After the closure of Japan in the 1630s, Nagasaki was the only gateway to foreign countries, namely China and Europe. Contacts with China had existed from ancient times, which were interrupted after 800, but which had been resumed in the cultural and economic field after 1400. They were given a separate area on the outskirts of Nagasaki as a base.
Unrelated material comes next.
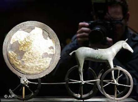 In questi giorni il disco di bronzo - che misura circa 32 cm di diametro e pesa circa 2 chili - con foglie d´oro applicate a rappresentare il sole, la luna, alcune stelle ed una nave, è stato l´attrazione principale all´apertura della mostra, che vanta molti reperti preziosi. E´ questa la prima volta in cui sarà visibile al pubblico dopo il restauro.

Relations with Europe (see epoch of the Namban trade ) were maintained after the expulsion of the Catholic missionaries in the first third of the 17th century, but were limited to Protestant Holland. The Dutch and the Dutch East India Company were allowed to operate a trading post, first on the island of Hirado , then in Nagasaki, on the heaped foreland of Dejima .

When the ban on the use of European books was relaxed in 1710, Japanese scholars and artists traveled to Nagasaki to take advantage of the books available on Dejima. With this, interest in Dejima and the Dutch, the "redheads" ( 紅毛 , kōmō ) or "barbarians from the south" ( 南蛮 人 , Nambanjin ), grew in general .

Nagasaki pictures

The broader term “Nagasaki pictures” ( 長崎 絵 , Nagasaki-e ) indicates that Nagasaki did not only produce woodcuts. Kawahara Keiga in particular not only drew Japanese objects at Philipp Franz von Siebold's instructions , but also captured Dejima and Nagasaki in pictures. Another type of "Nagasaki picture" goes back to the Chinese painter Shen Quan , called Shen Nanpin. Shen only stayed in Nagasaki from 1731 to 1733, establishing the Nanpin style in Japan from Nagasaki .

photos

Remarks

  1. Christian literature remained forbidden

literature

  • Ramming, Martin: Japan Handbook . Steiniger.Verlage Berlin, 1941.